GPU Based Hierarchical Motion Estimation for High Efficiency Video Coding
Research output: Journal Publications and Reviews (RGC: 21, 22, 62) › 21_Publication in refereed journal › peer-review
Author(s)
Related Research Unit(s)
Detail(s)
Original language | English |
---|---|
Pages (from-to) | 851-862 |
Journal / Publication | IEEE Transactions on Multimedia |
Volume | 21 |
Issue number | 4 |
Online published | 27 Aug 2018 |
Publication status | Published - Apr 2019 |
Link(s)
Abstract
Motion estimation (ME) plays a crucial role in removing the temporal redundancy for video compression. However, during the encoding process a substantial computational burden is imposed by ME due to the exhaustive evaluations of possible candidates within the searching window.
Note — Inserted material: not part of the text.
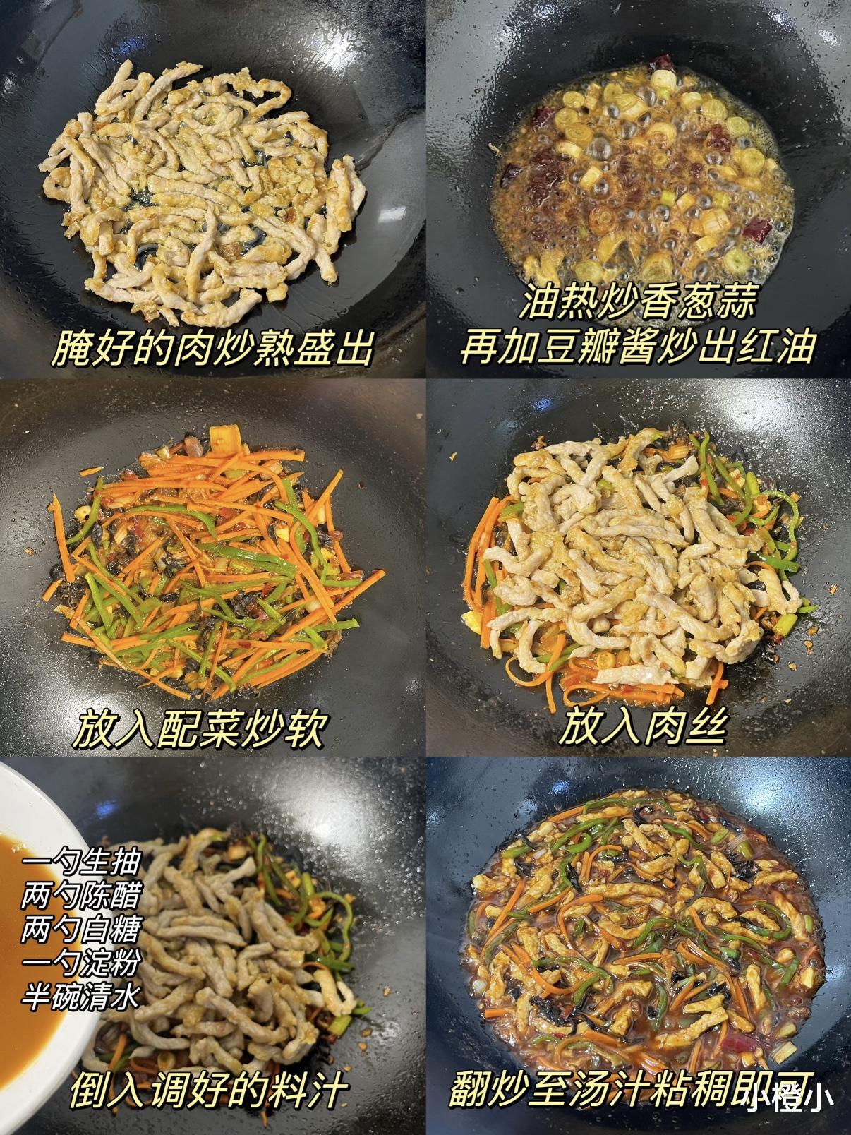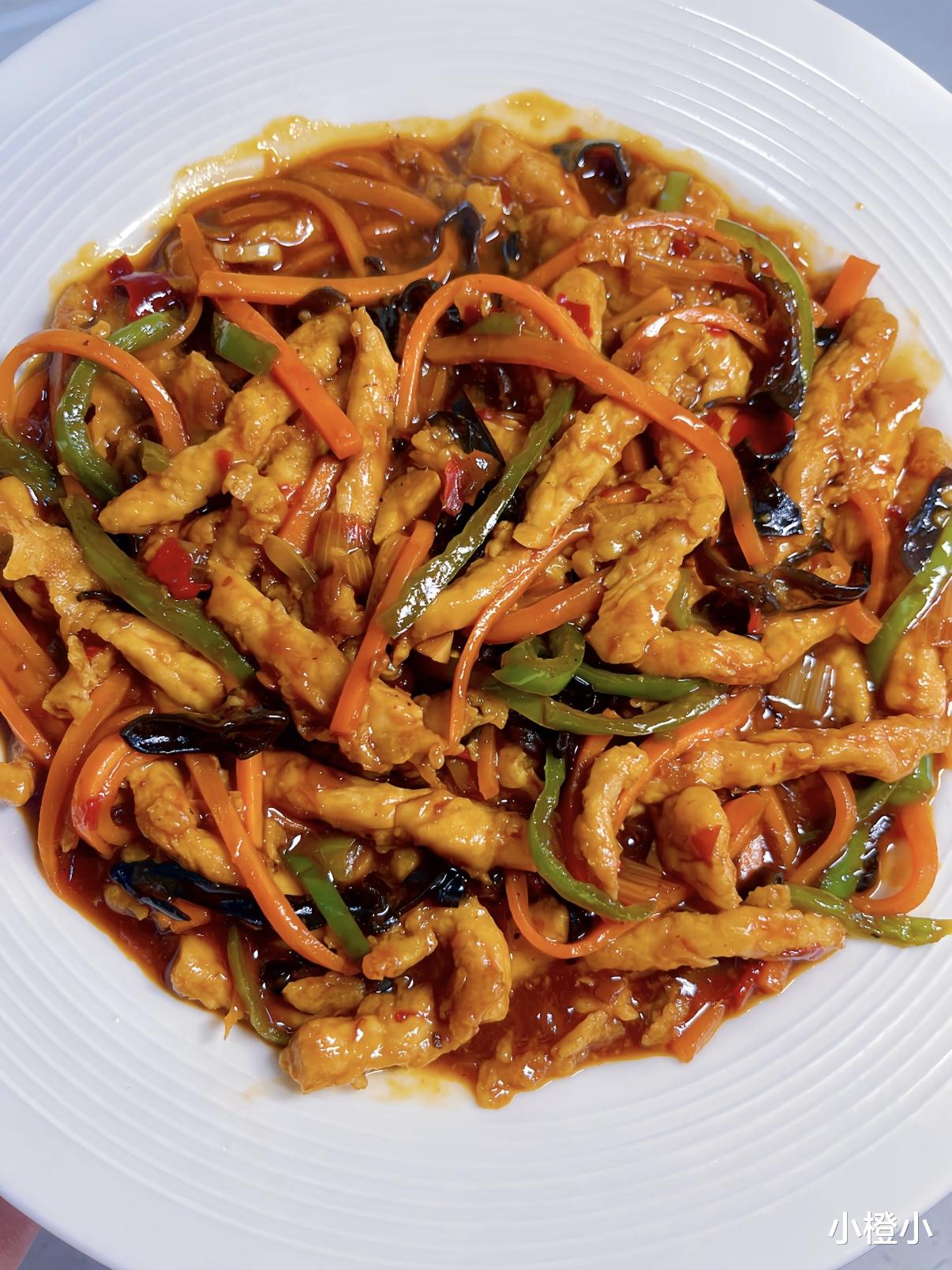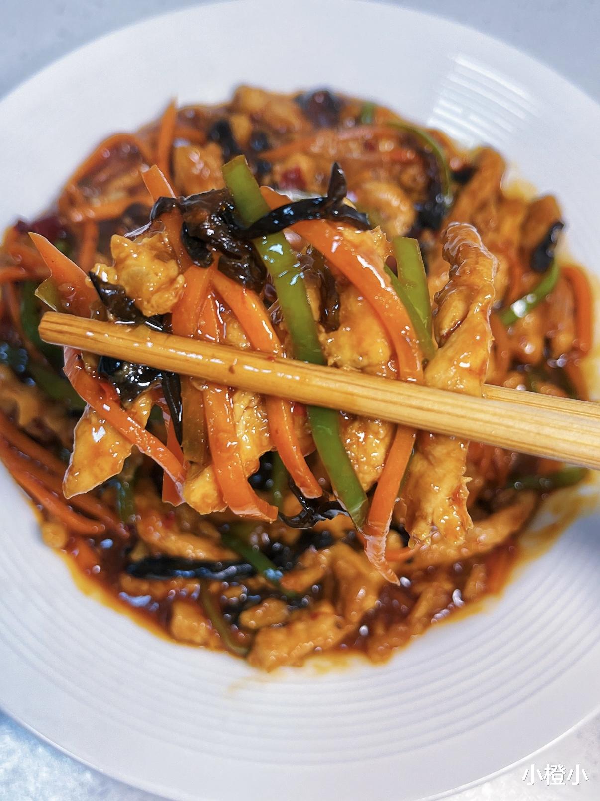 Step3 配菜全倒进,转中火 30 秒炒软,把肉丝回锅,料汁搅匀淋入。锅边听到“滋啦”就是淀粉在勾芡,翻 5 下汤汁变稠,关火!从倒汁到出锅不超过 20 秒,动作慢就成“煮菜”。

In view of the increasing computing capacity of GPU, we propose a GPU based low delay parallel ME scheme for High Efficiency Video Coding (HEVC). In particular, considering the quadtree coding structure of HEVC, we achieve the parallelization in a hierarchical way by optimizing the ME process in coding tree unit (CTU), prediction unit (PU) and motion vector (MV) layers. Specifically, in CTU layer, a novel motion vector predictor (MVP) determination scheme is proposed to alleviate the side effects of inaccurate MV prediction due to the removal of the CTU level dependency. In PU layer, a novel indexing table is particularly designed to realize an efficient cost derivation strategy. As such, the cost of each PU can be computed in a convenient and efficient manner. In MV layer, we propose a compact descriptor to represent MV and its corresponding cost as a whole, such that the redundant branches can be further avoided in the searching process. With such optimization strategy, the proposed scheme can completely save the encoding time for ME on CPU. Experimental results demonstrate that the proposed scheme can achieve 41% encoding time saving with the ME acceleration up to 12.7 times, and the incurred BD-BR loss is only 0.52% on average. Moreover, further experimental results show that the proposed GPU based ME can achieve up to 200 times acceleration compared to the full search ME on CPU.
Research Area(s)
- Central Processing Unit, Computational complexity, Encoding, GPU, Graphics processing units, High Efficiency Video Coding, Motion estimation, motion estimation, Video coding
Citation Format(s)
GPU Based Hierarchical Motion Estimation for High Efficiency Video Coding. / Luo, Falei; Wang, Shanshe; Wang, Shiqi et al.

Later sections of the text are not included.